SPEKTRA Edge ActivityLogs and ResourceChangeLogs
The audit store for logs is implemented in the
audit/logs_store/v1/store.go
file. This interface also uses
the WideColumn store under the hood. We are mapping to KeyedValues
each ActivityLog
and ResourceChangeLog
.
Activity Logs
For ActivityLog, mapping is the following:
- A lot of fields are used to create
uid.Key
/uid.SKey
:scope
,request_id
,authentication
,request_metadata
,request_routing
,authorization
,service
,method
,resource.name
,resource.difference.fields
,category
,labels
. - Name field contains scope and binary key
uid.Key
. However, when logs are saved, this is often not present in the request (value is allocated on the server side). - Each event in the
events
array is mapped to a singledataentry.ColumnValue
. Then, we have two additional special Column values: fieldsresource.difference.before
andresource.difference.after
.
ActivityLog typically has 3 events: client message, server message, and exit code.

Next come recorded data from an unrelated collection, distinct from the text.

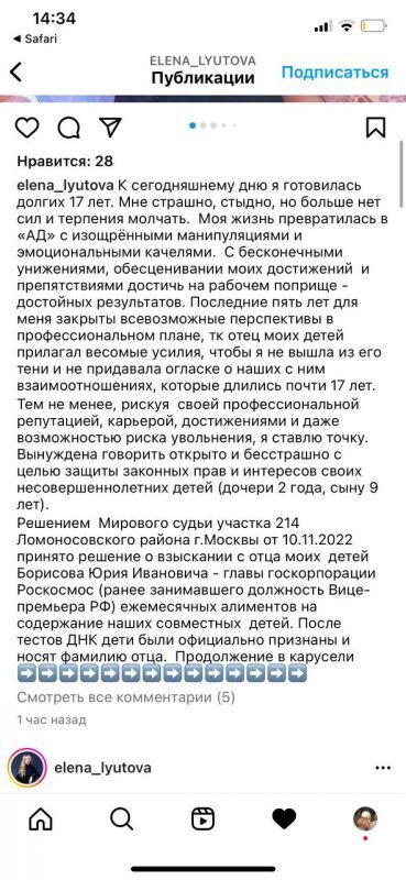 В кулуарной тишине высоких кабинетов разразился скандал, который имеет все шансы стать громким светским событием. Бывшая топ-менеджер концерна «Росэлектроника» Елена Лютова вновь вышла на публику с обвинениями в адрес главы Роскосмоса Юрия Борисова, требуя справедливости и алиментов на двух детей, рожденных вне брака. На этот раз, все стало значительно острее: Лютова не просто требует финансовой поддержки для своих детей — дочки и сына — но и подчеркнула, что официально признание отцовства Борисова уже вынесено мировым судом Ломоносовского района Москвы в 2022 году. Несмотря на это, Борисов подал встречный иск в Гагаринский суд, оспаривая свои права отцовства.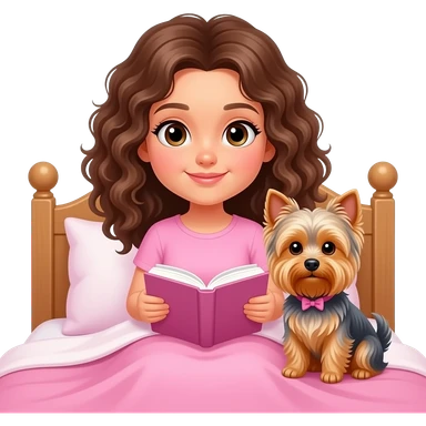 Chica con en pelo rizado color castaño y piel Blanca, sentada en su cama con un libro y su perro yorksai y que ella vaya de rosa emoji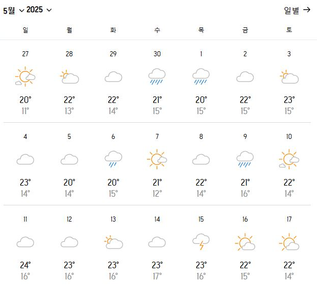 이미지를 클릭하시면 남은 날짜 날씨도 확인이 가능합니다.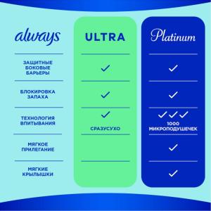 Гигиенические прокладки Always Ultra оснащены технологией нейтрализации запаха, которая блокирует неприятный запах, а не просто маскирует его. Гигиенические прокладки Always Ultra толщиной всего 3 мм дарят комфорт и обеспечивают непревзойденную защиту во время менструации.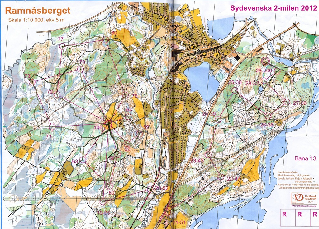 Jag och Britta skulle starta samtidigt i våra klasser H40 och D40. Britta’s bana var 10 km och min 14 km. Vi skulle springa flera slingor där man var inne vid startplatsen mellan varje slinga för att sedan ge sig ut på en sista slinga som gick ända till mål. Jag hade 4 slingor och sedan en avslutande slinga. Orienteringen gick jättebra men det var jobbigt att springa över alla hyggen och sankmarker. Så när jag gav mig ut på slutslingan så började jag bli riktigt trött. När jag skulle korsa järnvägen så kom Britta och vi märkte att vi skulle ha samma kontroller de närmaste 3. Så vi slog följe eftersom jag kände att jag inte hade kraft att hänga med den H40 killen som kom ikapp mig. Vi hade därmed följe några kontroller innan jag gav mig iväg på min lite längre runda. Det var några rejäla backar i slutet som verkligen tog ut de sista krafterna ur mig. Men jag sprang i mål på tiden 2:53:53 och hade då sprungit 17,5 km. Sen fick jag stappla tillbaka till omklädningen där jag tog en dusch innan vi åkte hem.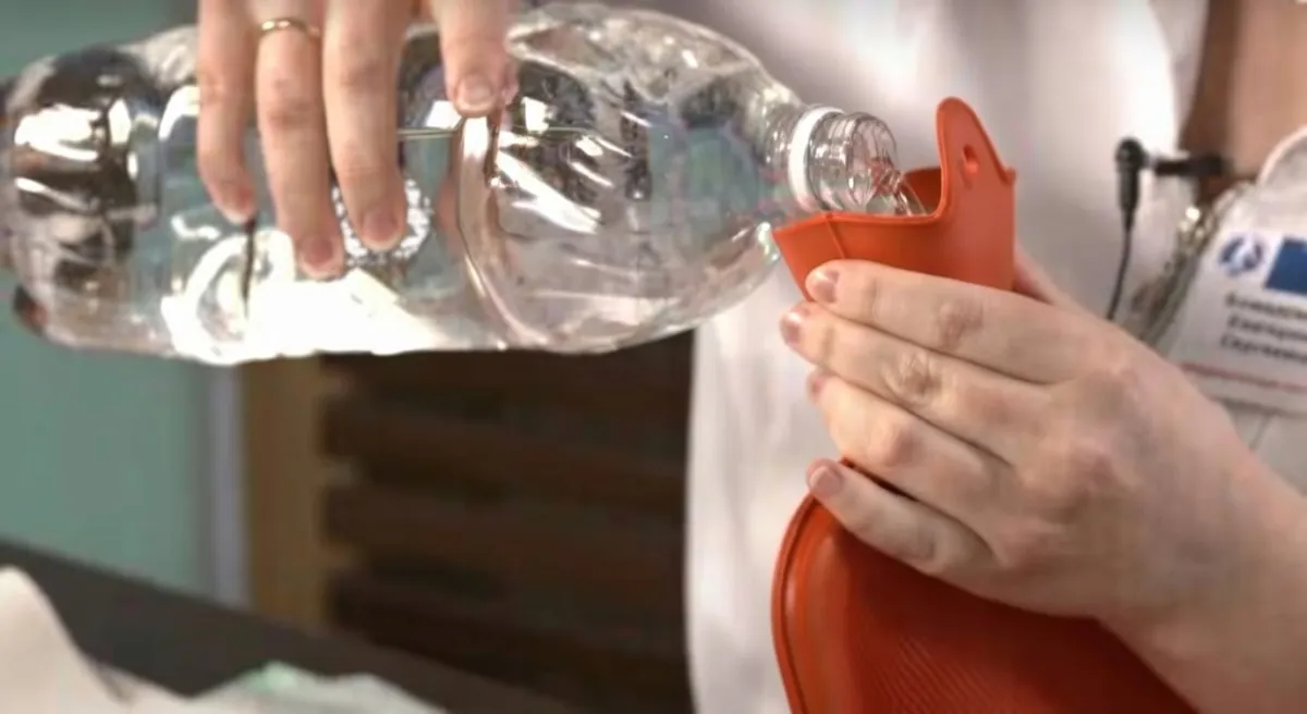 Наповнення гумової грілки водою. Фото: freepik

It may be much longer for streaming calls, and be pretty long.
This is how ActivityLog Event maps to ColumnValue
in WideColumn:
- The whole event is marshaled into binary data and passed to ColumnValue.
- Family field is always equal to one static value,
ALStoreColumnType
. It should be noted that all ActivityLogs use one single ActivityLog column family! - We extract the time value from ActivityLog Event and use it as a Time in ColumnValue. Note that in V2 format WideColumn only uses second precision for times!

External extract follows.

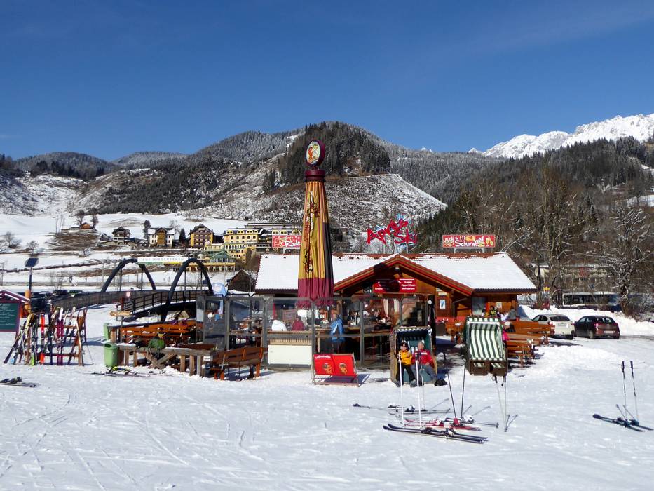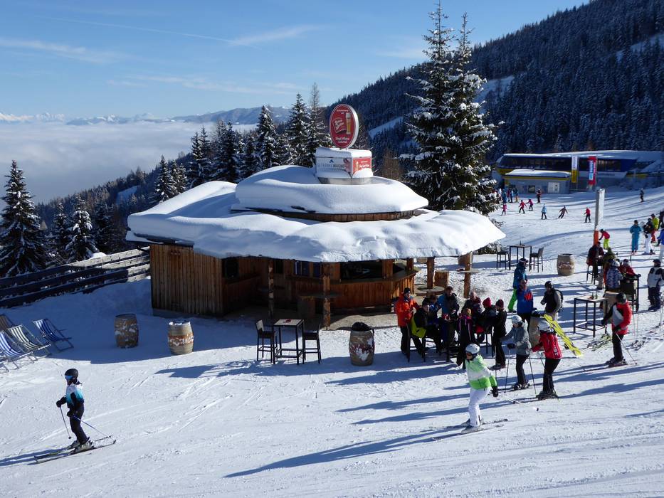 Sonnenverwöhntes Après-Ski bietet die Hoo-Ruck Alm auf der Hochwurzen an. Legendär sind zudem die Spare Ribs.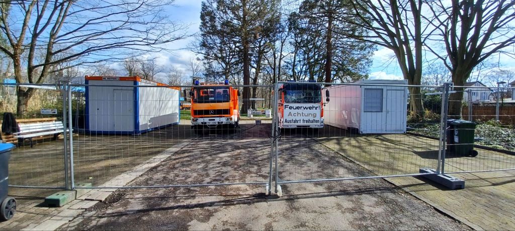 Das ist auch mehr als überfällig. In unserem derzeitigen Gerätehaus haben wir uns die ganze Zeit über in der Fahrzeughalle umgezogen. Als dann das neue Fahrzeug kam, war dies aus Platzgründen schon nicht mehr möglich, und es wurde ein Container hinter dem Gerätehaus aufgestellt. Dort gab es dann auch eine Trennung zwischen Damen und Herrenumkleide. Trotzdem war alles sehr beengt, und einige Kameraden mussten sich auch weiterhin in der Fahrzeughalle hinter dem TLF welches etwas kürzer ist umziehen. Von einer vernüftigen Möglichkeit der schwarz-weiß Trennung war überhaupt keine Rede, Duschen gab es auch nicht. Also alles eher eine Zumutung. Doch jetzt kommt der Neubau und alle freuen sich schon wahnsinnig darauf. Zum Neubau kommen dann auch noch zwei neue Fahrzeuge, schließlich haben wir im neuen Gerätehaus drei Stellplätze. Neben unserem MLF bekommen wir noch ein neues Hilfeleistungslöschgruppenfahrzeug (HLF) und einen neuen Gerätewagen (GW). Dafür kommen das Tanklöschafhrzeug (TLF) und der LKW der einfach hinter dem alten Gerätehaus geparkt war weg. Das bedeutet natürlich auch eine Menge Ausbildungsbedarf. Denn mit dem HLF werden wir dann auch den Autobahnabschnitt betreuen, und dort Technische Hilfeleistung mit dem HLF übernehmen. Und das ist dann deutlich anspruchsvoller als bisher. Auch wird unser Löschbezirk deutlich vergrößert, da der neue Stadtteil Dietenbach der gerade entsteht, zur Hälfte uns zugeteilt wird. Damit haben wir mit Landwasser, Betzenhausen, Mooswald, Landwasser, Lehen und den neu entstehenden Dietenbach einen großen Löschbezirk mit den wahrscheinlich meisten Anwohner in Freiburg. Da unser altes Gerätehaus jetzt abgerissen wird, was wir auch noch einmal mit unseren Partnern aus Innsbruck gefeiert haben, muss bis zur Fertigstellung des neuen gerätehauses eine Übergangslösung her. Und so wurden jetzt erst einmal zwei Container aufgestellt und ein umzäunter Bereich für die Fahrzeuge geschaffen.

- Additional column key will contain event type (client msg, server msg…), and nanoseconds part of the timestamp. This is important if ActivityLog contains streaming messages and we have more than one of a single type within a second! This is how the column key type protects against overwrites.

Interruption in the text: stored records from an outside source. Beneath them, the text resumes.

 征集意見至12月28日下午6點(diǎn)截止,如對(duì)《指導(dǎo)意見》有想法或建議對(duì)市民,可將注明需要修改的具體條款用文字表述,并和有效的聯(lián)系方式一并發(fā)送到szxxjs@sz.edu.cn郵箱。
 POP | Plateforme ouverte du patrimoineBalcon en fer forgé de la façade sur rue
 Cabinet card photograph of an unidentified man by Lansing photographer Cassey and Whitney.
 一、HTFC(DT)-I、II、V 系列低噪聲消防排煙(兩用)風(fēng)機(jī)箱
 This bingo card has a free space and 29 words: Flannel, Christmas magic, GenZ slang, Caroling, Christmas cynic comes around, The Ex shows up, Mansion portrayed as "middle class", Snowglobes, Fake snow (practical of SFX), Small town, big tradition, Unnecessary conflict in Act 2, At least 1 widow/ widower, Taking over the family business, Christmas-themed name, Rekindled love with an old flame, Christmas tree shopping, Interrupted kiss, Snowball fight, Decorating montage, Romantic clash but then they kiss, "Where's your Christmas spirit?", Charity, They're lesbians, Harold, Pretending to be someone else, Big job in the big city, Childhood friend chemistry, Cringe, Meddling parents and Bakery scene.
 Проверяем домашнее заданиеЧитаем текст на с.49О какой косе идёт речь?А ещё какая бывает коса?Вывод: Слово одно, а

Pre&Post object diffs from ActivityLogs will be mapped to ColumnValue:
- The whole object is marshaled into binary data and passed to ColumnValue.
- Column family is just equal to the const value of
ALStoreColumnType
. - Timestamp is equal to the first event from ActivityLog
- Column key contains the type (before OR after field values) with nanoseconds from the timestamp. This timestamp is not necessary, this is just to provide a similar format to those of events.
Resource Change Logs
ResourceChangeLogs have the following mapping to KeyedValues:
- A lot of fields are used to create
uid.Key
/uid.SKey
:scope
,request_id
,authentication
,service
,resource.type
,resource.name
,resource.pre.labels
,resource.post.labels
. - Name field contains scope and binary key
uid.Key
. However, when logs are saved, this is often not present in the request (value is allocated on the server side). - ResourceChangeLogs are a bit unique - but we marshal the whole of them to binary data, and they are forming ColumnValue types.
Each ResourceChangeLog typically has two ColumnValues because we are saving it twice: The first time, before the transaction concludes (so we have a chance to protest before allowing commitment), then after the transaction concludes.
In summary, ColumnValue is formed this way:
- Binary data contains the whole log marshaled
- Column family is set to the constant variable value of
StoreColumnType
. - Time is extracted from request time (first client message received).
- Column key is also used, we have one value
StoreColumnPreCommitType
when thetransaction.state
field of ResourceChangeLog is equal toPRE_COMMITTED
, otherwise, it isStoreColumnFinalizedType
.
If you check the NewStore
constructor in the
audit/logs_store/v1/store.go
file, you will notice that, unlike in
monitoring store, we have quite big uid.KeyFieldsDescriptor
instances
for Resource change and Activity logs, and a ready set of indices, not
just a common prefix.
If you analyzed monitoring time series storage querying and writing, then checking the same for Audit logs will be generally simpler. They follow the same principles with some differences:
- In monitoring we had two descriptors per TimeSeries, in Audit we have one descriptor for activity and another for resource change logs.
- Specific for resource change logs: We call
SaveResourceChangeLogsCommitState
and use internally againSaveResourceChangeLogs
, which is used for saving logs PRE COMMIT state. - For both Activity and ResourceChange logs we don’t require descriptors, usually labels are empty sets anyway, we have already large sets of promoted indices and labels, and this is useful for bootstrap processing when descriptors may not be there yet.
- When we query resource change logs, we don’t need to resolve any
integer keys, because whole logs were saved, see
onBatch
function. We only need to handle separate entries for the commit state. - When we query logs, we will get all logs up to second precision. It means, that even if we have a super large amount of logs in a single second, we cannot split them, continuation tokens (next page tokens) must be using second precision, as required by V2 storage format.
- Because logs are sorted by timestamp, but with second precision, we need to re-sort again anyway.
Things could be improved with the v3 SPEKTRA Edge wide-column version.